The following properties can be provided in config.json

Name Description
SERVER_URL URL of the server (from outside the cluster).
REPOSITORY_SERVER_URL HTTP port exposed by container
EXPLORER_URL URL of the mirror-node explorer
BRAND_PRODUCT_LOGO_URL URL of the header top left product logo (default is Hedera logo)
TERMS_OF_SERVICE_URL URL of the terms-of-service document linked from bottom of page (default is no link)
REMOTE_IMPORT Flag to activate mode "Import from remote" (default is false)
GITHUB_IMPORT Flag to activate mode "Import from GitHub" (default is false)
CONTRACT_IMPORT Flag to activate mode "Import from contract's metadata" (default is false)
JSON_IMPORT Flag to activate mode "Import contracts from Solidity's Standard JSON Input" (default is false)
OPEN_IN_REMIX Flag to activate link "Open in Remix" (default is false)
CREATE2_VERIFICATION Flag to activate create2 verification (default is false)

The favicon may be customized by providing alternative versions of the 3 following files: manifest.json, favicon.ico, favicon-16x16.png, favicon-32x32.png and passing them to the ui service via mount points.

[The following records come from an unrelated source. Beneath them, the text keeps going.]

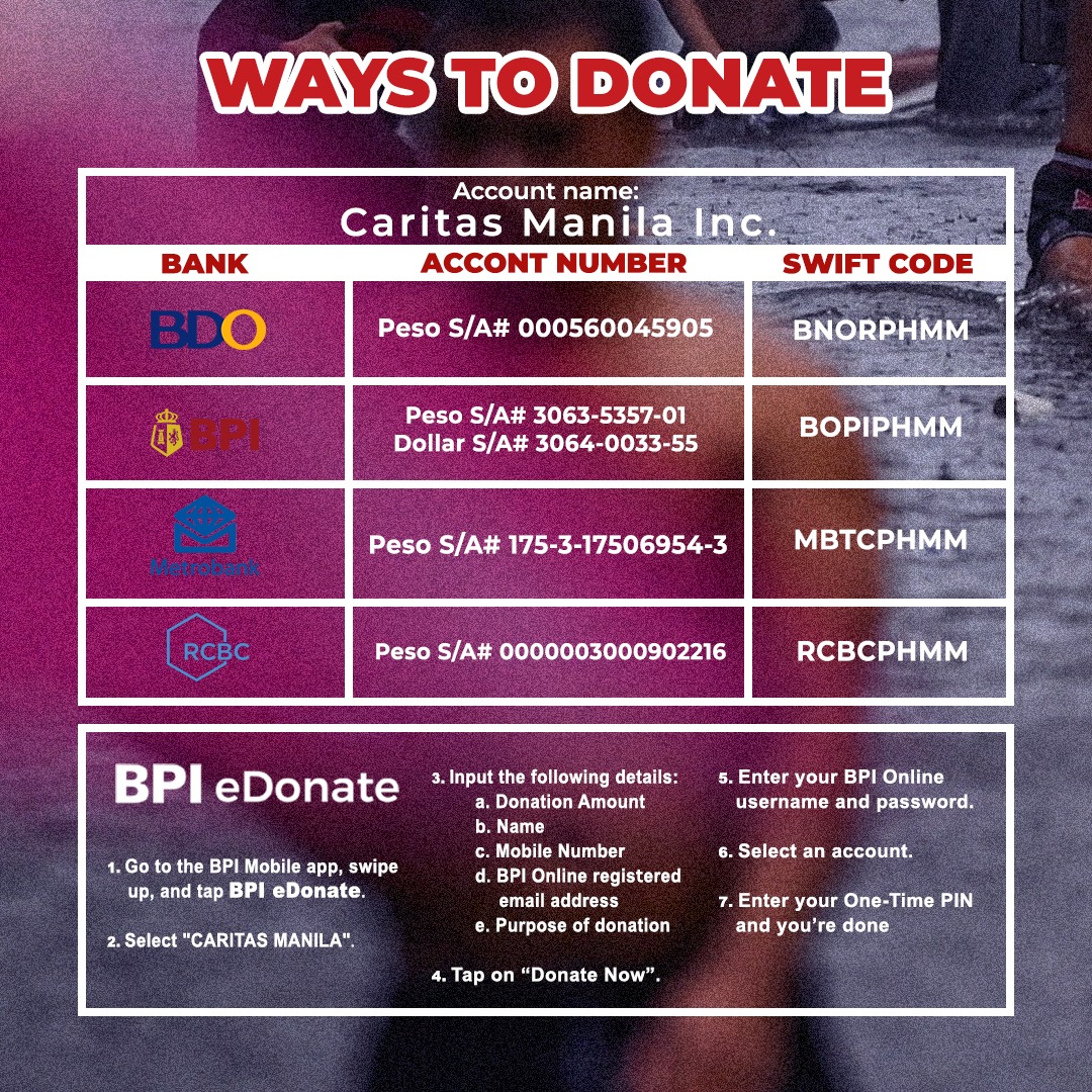 The Catholic Church in the Philippines’ NGO Caritas Manila is calling for cash donations to help families affected by the typhoon. They also ask donors to send a copy of their deposit slip to their Viber (09298343857), messenger (Caritas Manila), and email ([email protected]). The organization also accepts cash donations from abroad via Myriad USA.
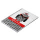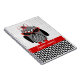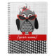 Un carnet de notes à spirale comportant une illustration d'un hibou gris et noir avec un ventre de pied-de-poule et des pieds rouges. Le hibou utilise un casquette rouge et noir de fascinator et des lunettes de soleil rouges de plot réflectorisé. Personnalisez avec votre nom.
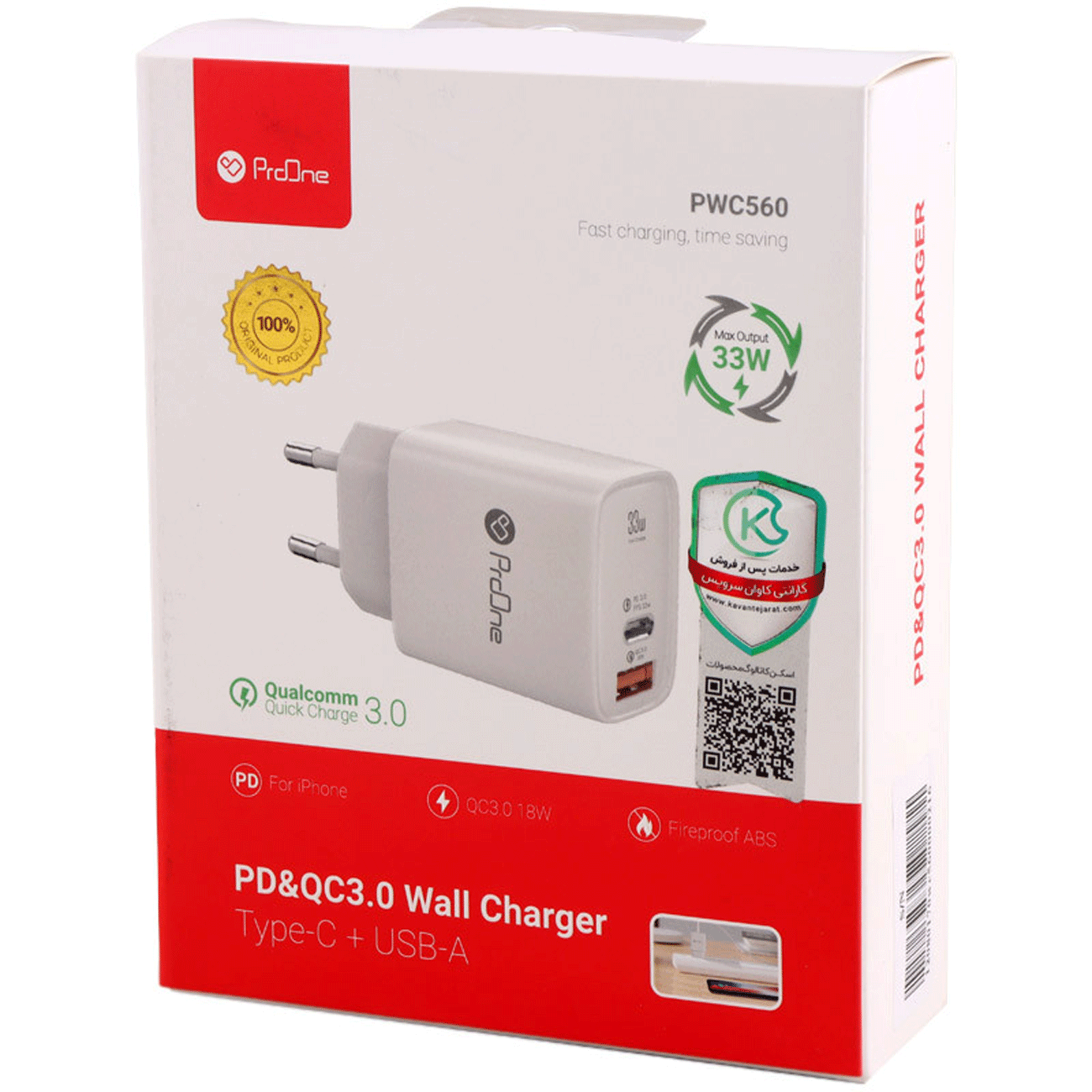 شارژر دیواری تایپ سی و یو اس بی 33 وات پرووان PWC560

This can be done for instance by adding the following to the definition of the ui service in the compose.yaml file used

volumes:
  - type: bind
    source: ./manifest.json
    target: /usr/share/nginx/html/manifest.json
  - type: bind
    source: ./favicon.ico
    target: /usr/share/nginx/html/favicon.ico
  - type: bind
    source: ./favicon-16x16.png
    target: /usr/share/nginx/html/favicon-16x16.png
  - type: bind
    source: ./favicon-32x32.png
    target: /usr/share/nginx/html/favicon-32x32.png`

server service

The following settings are set in a local.js file needed by the server at runtime

Name Example value Description
server.port 5555 HTTP port used inside container
repositoryV1.path /data Path of the mount point of the verified contract repository (inside container)
solcRepo /home/data/solc-bin/linux-amd64 Path where Solidity compiler binaries will be saved (inside container)
solJsonRepo /home/data/solc-bin/soljson Path where Solidity JS compilers will be saved (inside container)
corsAllowdOrigins [/^https?:\/\/(?:.+\.)?sourcify.dev$/] List of regexes that will be allowed by CORS inside the server

Tip

See server's README for more details.

This sourcify-chains.json should be used to configure Hedera chains. The host.docker.internal hostname is used to make connections between containers. See https://docs.docker.com/desktop/networking/#use-cases-and-workarounds for more details.

{
  "295": {
    "sourcifyName": "Hedera Mainnet",
    "supported": true
  },
  "296": {
    "sourcifyName": "Hedera Testnet",
    "supported": true
  },
  "297": {
    "sourcifyName": "Hedera Previewnet",
    "supported": true
  },
  "298": {
    "sourcifyName": "Hedera Localnet",
    "supported": true,
    "rpc": [
      "http://host.docker.internal:7546"
    ]
  }
}

You can customize OpenAPI Servers list by changing the servers.yaml file. For example

- description: The current REST API server
  url: ""
- description: The production REST API server
  url: "https://server-verify.hashscan.io"
- description: The staging REST API server
  url: "https://server-sourcify.hedera-devops.com"
- description: Local development server address on default port 5002
  url: "http://localhost:5002"

repository service

The repository service encompasses a single page application based on React and a web server.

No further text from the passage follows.